Thanekar D. R, Dhodi J. B and Juvekar A. R
Accepted Abstracts: J Food Process Technol
Preliminary screening of potential anti-tumor test drugs, isolated compounds and crude herbal extracts are widely done using high throughput in vitro cytotoxicity assays. Such assays involve testing on 2D-monoculture of cancer cell lines and later assessing cell death or decreased in cellular function using various dyes like sulforhodamine B, MTT etc. It is now well established fact that 2D monoculture of cancer cell lines does not essentially mimics complex tumor microenvironment and cell-cell interactions. Many chemotherapeutic agents face multicellular resistance when administered to solid tumor. Hence it is essential to evaluate efficacy of test drugs in 3D cell culture model. Here in this study we have checked efficacy of crude methanol extract of leaves of Cinnamomum tamala (Buch.- Ham.) T. Nees & Eberm. (M.E.-CT) and its petroleum ether fraction on MCF-7 breast cancer cell line grown on 3D chitosan scaffold. Scaffold made up of chitosan, a non toxic and biocompatible polycationic copolymer which provides an extracellular matrix (ECM) analog, allowed cell infiltration and proliferation thus forming 3-dimentional mass of cancer cells loosely mimicking tumor microenvironment. M.E.-CT and its subsequent fractions have been evaluated for their in vitro cytotoxic activity against cancer cell lines in our lab. Petroleum ether fraction was found to be most active and potent in 2D cell culture. In 3D cell culture model, petroleum ether fraction had shown cytotoxic effect on MCF-7 cells using MTT assay but at concentration higher than its IC50 in monoculture. The result illustrates that Cinnamomum tamala has potential antitumor activity.

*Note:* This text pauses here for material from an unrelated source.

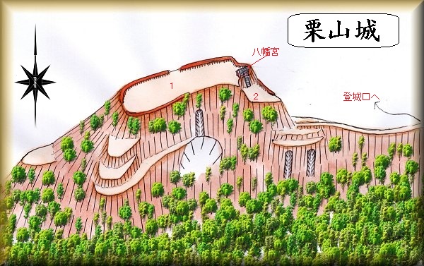 | 栗山城の城主は細川氏であった。細川氏は室町幕府の管領家である細川氏の一族であった。 細川氏は天文18年(1549)頃、長宗我部国親に降伏し、以後は長宗我部氏の重臣となって十市氏を名乗った。 永禄年間の長宗我部氏と本山氏の抗争において十市氏は、神田南城を築いて、朝倉城の本山氏を攻撃し、朝倉城を落城させた。長宗我部家臣の中でも功臣というべき存在であった。 長宗我部氏の一条氏攻撃の後に十市宗桃は、宿毛の鶴ヶ城に入城して、後の伊予攻めに備えた。 宗桃が鶴ヶ城に入城した後、栗山城の城主は長子の備前守となった。また次子の豊前守頼定は池城主となった。 |

Thanekar D. R has a Master?s degree in Science (Biotechnology) from University of Mumbai and currently pursuing Ph.D. from Institute of Chemical Technology, Mumbai, India under guidance of Prof. (Mrs.) A.R. Juvekar, professor in Pharmacology and Physiology. Her current research project involves evaluation of cytotoxic and antitumor activity of herbal extracts using in vitro, ex vivo and in vivo models.